Among the entries below, only the lines from the one with "1.單擊左邊的商品類目,右側實現聯動跳轉到對應商品類目標題;" through the one with "Le duc de Penthièvre, mémoires" are wanted, reproduced exactly. Pictures are not wanted.

======== SOURCE MATERIAL ========

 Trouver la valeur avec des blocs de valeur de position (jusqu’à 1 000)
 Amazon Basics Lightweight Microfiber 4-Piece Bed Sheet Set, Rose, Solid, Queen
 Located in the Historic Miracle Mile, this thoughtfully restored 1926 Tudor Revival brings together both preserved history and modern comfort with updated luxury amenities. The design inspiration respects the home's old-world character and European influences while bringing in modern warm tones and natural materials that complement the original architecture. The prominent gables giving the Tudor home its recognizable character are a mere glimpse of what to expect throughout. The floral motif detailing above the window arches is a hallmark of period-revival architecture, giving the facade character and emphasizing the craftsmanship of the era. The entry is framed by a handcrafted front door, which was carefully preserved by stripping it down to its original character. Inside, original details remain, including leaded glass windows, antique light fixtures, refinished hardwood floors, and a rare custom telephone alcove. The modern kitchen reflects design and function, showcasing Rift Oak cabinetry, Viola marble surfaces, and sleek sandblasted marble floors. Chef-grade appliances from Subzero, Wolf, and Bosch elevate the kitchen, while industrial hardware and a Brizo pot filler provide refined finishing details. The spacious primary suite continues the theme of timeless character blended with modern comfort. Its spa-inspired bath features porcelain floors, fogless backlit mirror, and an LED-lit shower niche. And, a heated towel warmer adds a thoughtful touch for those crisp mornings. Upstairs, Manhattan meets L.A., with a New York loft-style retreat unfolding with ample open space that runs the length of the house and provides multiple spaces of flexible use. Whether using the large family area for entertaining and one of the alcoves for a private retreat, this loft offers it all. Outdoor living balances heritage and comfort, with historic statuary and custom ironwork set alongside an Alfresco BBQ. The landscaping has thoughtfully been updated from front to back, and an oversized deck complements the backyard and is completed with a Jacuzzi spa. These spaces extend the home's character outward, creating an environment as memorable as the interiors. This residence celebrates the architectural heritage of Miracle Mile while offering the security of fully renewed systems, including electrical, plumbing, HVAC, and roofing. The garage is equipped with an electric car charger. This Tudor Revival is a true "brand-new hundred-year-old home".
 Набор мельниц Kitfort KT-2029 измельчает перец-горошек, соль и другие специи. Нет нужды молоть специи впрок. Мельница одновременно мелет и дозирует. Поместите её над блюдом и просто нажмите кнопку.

========
======== SOURCE MATERIAL ========

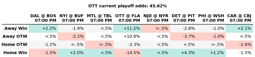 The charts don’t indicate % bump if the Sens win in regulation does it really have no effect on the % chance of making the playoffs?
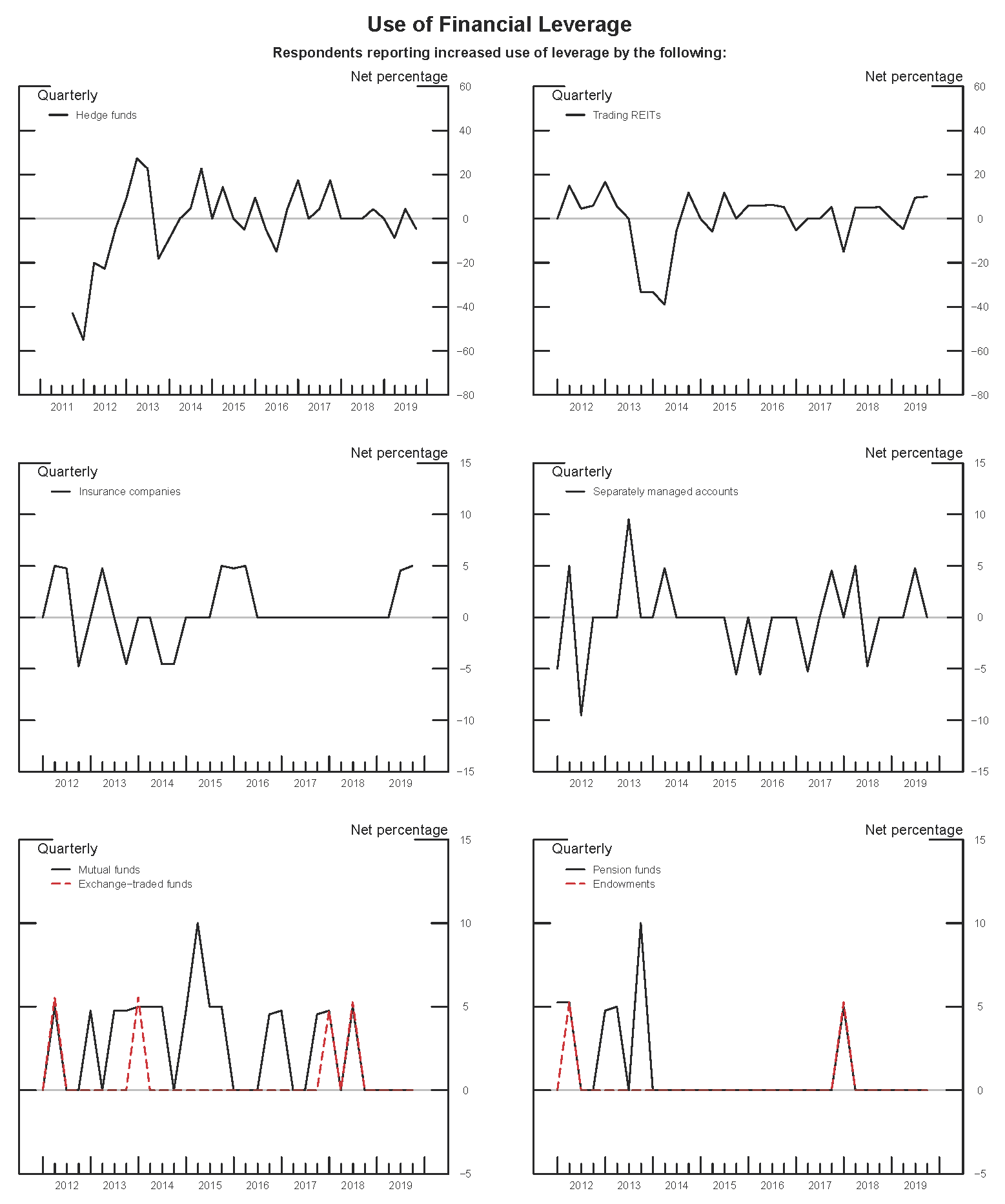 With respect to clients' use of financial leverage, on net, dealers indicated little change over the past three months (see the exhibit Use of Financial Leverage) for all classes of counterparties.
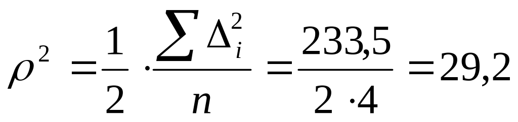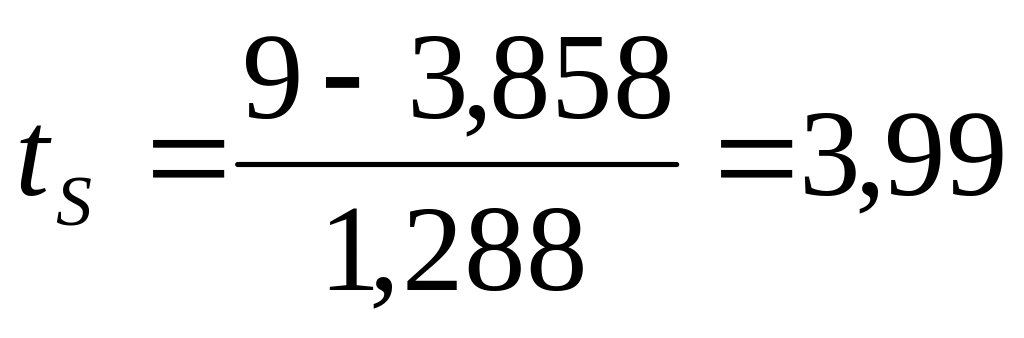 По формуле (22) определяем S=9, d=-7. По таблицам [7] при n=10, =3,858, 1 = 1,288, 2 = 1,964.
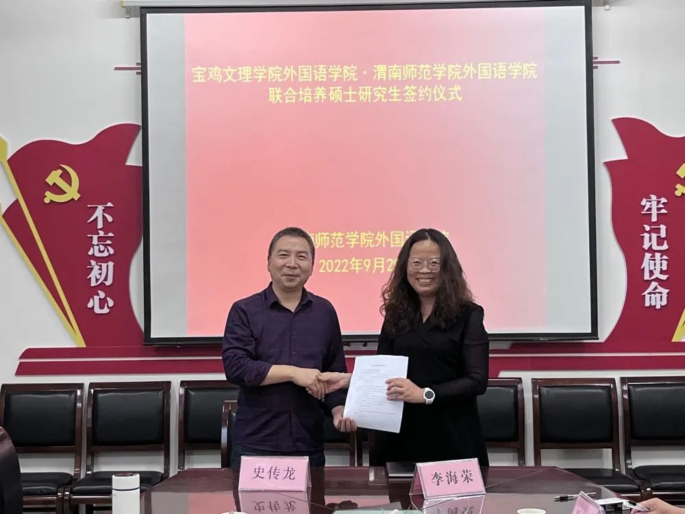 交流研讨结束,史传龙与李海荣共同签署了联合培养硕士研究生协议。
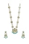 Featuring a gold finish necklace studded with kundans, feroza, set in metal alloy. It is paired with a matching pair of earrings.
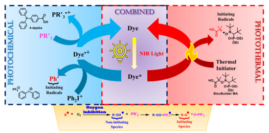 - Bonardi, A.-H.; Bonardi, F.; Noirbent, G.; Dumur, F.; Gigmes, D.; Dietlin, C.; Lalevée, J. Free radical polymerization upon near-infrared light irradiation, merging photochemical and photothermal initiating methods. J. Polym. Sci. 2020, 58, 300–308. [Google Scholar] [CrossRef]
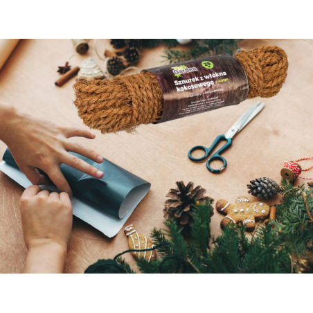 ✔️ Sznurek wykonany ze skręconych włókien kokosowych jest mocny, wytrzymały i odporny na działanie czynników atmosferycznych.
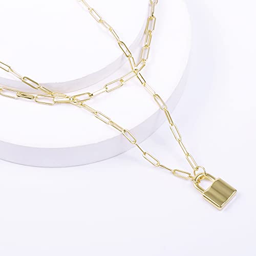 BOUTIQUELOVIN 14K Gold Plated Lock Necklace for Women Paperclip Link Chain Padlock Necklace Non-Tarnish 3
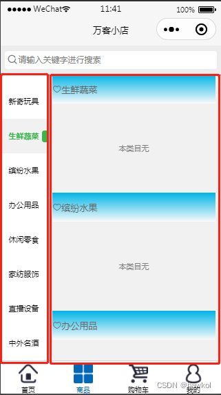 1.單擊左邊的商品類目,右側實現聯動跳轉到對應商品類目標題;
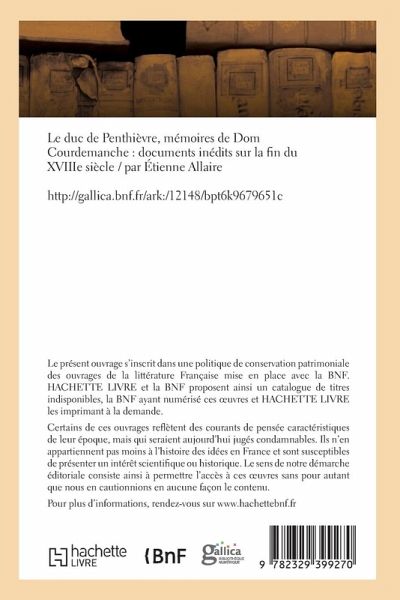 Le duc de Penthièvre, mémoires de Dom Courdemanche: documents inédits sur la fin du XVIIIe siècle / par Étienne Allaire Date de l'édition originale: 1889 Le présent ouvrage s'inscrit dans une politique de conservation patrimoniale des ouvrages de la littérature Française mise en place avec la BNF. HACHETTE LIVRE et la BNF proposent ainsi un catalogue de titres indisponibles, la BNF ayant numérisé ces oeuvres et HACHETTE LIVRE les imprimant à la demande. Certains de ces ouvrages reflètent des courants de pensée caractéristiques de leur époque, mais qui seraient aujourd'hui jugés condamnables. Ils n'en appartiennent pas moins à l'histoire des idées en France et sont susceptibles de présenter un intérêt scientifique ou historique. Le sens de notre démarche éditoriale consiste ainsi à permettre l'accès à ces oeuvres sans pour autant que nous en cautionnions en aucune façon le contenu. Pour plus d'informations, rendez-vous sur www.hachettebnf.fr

========

__SOLVED PROBLEM__.
 1.單擊左邊的商品類目,右側實現聯動跳轉到對應商品類目標題;
 Le duc de Penthièvre, mémoires de Dom Courdemanche: documents inédits sur la fin du XVIIIe siècle / par Étienne Allaire Date de l'édition originale: 1889 Le présent ouvrage s'inscrit dans une politique de conservation patrimoniale des ouvrages de la littérature Française mise en place avec la BNF. HACHETTE LIVRE et la BNF proposent ainsi un catalogue de titres indisponibles, la BNF ayant numérisé ces oeuvres et HACHETTE LIVRE les imprimant à la demande. Certains de ces ouvrages reflètent des courants de pensée caractéristiques de leur époque, mais qui seraient aujourd'hui jugés condamnables. Ils n'en appartiennent pas moins à l'histoire des idées en France et sont susceptibles de présenter un intérêt scientifique ou historique. Le sens de notre démarche éditoriale consiste ainsi à permettre l'accès à ces oeuvres sans pour autant que nous en cautionnions en aucune façon le contenu. Pour plus d'informations, rendez-vous sur www.hachettebnf.fr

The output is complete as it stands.